Taking the line with "police š60Xh14,5Xv14,5 |" as the first and the line with "1月15日下午,数学与物理学" as the last, set down exactly every line in that range from the entries below, and no more.

(PROVIDED RECORDS Opens)

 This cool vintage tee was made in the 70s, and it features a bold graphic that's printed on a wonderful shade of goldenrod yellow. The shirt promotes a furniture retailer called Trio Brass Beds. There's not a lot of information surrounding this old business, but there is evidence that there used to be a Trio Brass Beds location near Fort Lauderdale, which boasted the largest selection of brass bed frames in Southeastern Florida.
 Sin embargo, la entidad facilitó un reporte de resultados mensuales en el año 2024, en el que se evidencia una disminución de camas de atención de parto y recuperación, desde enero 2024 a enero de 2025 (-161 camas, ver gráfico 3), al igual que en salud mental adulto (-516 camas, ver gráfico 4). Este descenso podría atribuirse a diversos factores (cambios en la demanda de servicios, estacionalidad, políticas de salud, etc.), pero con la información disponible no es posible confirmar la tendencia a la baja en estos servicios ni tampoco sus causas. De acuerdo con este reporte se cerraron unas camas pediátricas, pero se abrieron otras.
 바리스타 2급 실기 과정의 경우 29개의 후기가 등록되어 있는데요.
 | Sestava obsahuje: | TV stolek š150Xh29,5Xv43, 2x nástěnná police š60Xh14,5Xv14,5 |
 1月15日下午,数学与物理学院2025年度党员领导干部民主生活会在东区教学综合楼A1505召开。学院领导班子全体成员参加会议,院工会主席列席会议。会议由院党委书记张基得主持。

(PROVIDED RECORDS Closes)
(PROVIDED RECORDS Opens)

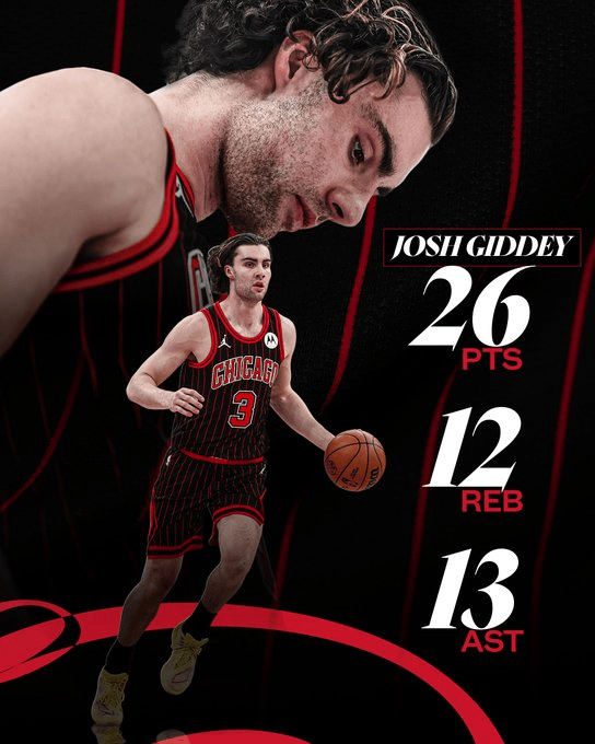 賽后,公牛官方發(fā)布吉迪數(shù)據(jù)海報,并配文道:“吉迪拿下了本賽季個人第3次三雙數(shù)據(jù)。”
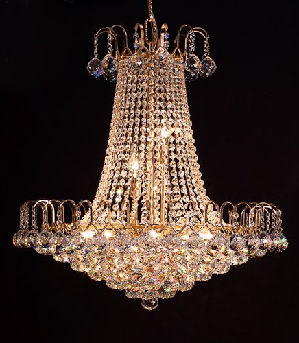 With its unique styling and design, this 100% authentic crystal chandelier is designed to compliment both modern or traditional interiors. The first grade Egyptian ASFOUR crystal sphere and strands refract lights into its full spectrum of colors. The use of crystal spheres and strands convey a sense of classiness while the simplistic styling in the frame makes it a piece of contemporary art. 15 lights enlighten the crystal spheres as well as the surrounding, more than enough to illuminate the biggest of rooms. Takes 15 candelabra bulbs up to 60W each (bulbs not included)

(PROVIDED RECORDS Closes)

* _OUTPUT FOR THIS TASK_:
 | Sestava obsahuje: | TV stolek š150Xh29,5Xv43, 2x nástěnná police š60Xh14,5Xv14,5 |
 1月15日下午,数学与物理学院2025年度党员领导干部民主生活会在东区教学综合楼A1505召开。学院领导班子全体成员参加会议,院工会主席列席会议。会议由院党委书记张基得主持。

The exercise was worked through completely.